Save Our Superstructure: willful neglect has condemned a vital link to our past – a path to our future. Everyday the barely standing Old Northern Avenue Bridge begs Bostonians to value its history. Today that challenge is unmet.
Concerns of a catastrophic failure forced the Department of Public Works to close the bridge last year. Deemed by engineers as too dangerous for a pedestrian, the span once simultaneously supported trains, trolley’s and trucks along its deck. Today, the bridge carries only a message: Boston is lost.
Built in 1908, the Old Northern Avenue Bridge is the last swinging bridge in our city – one of few in the country. The structure is a piece of industrial art worthy of being a gateway to the self proclaimed Innovation District. When her center span sweeps over the historic Fort Point Channel people come to a standstill.

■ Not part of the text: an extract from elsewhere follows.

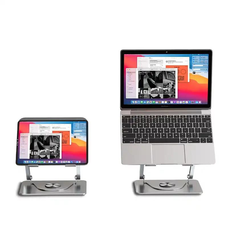 Carbon Steel Dual-Arm Rotating Laptop Stand with Magnetic Phone Holder - Height Adjustable Notebook & Tablet Holder (up to 15.6”)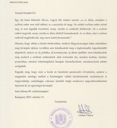 Mazsihisz hírek A miniszterelnök levélben köszöntötte a kilencvenéves Schweitzer Józsefet 2012. október 15. - 13:18

In awe, crowds watch poetry in motion as hundreds of feet of steel trusses silently glide over the sea as they have for over a hundred years. The city is a better place with the Old Northern Avenue Bridge in its midst.
The Seaport District, aka the Innovation District, is adrift in a sea of suburban architecture from somewhere else. Where lighting attempts to coverup a lack of substance. The emerging community owes its worth to the waterfront it occupies, the subterranean superhighways below its surface streets and its proximity to the city’s center – not to the buildings being erected. Nearly 1,000 acres of promising land needs an anchor – a root to grow from. The Fort Point Channel is that saving grace. The Northern Avenue Bridge is one of its most prominent layers in the city’s industrial yesteryears. Generations of Bostonians passed over the bridge as they toiled away at their legacy. Now is the time to recognize our ancestors work with a full restoration of their bridge. Save our bridge.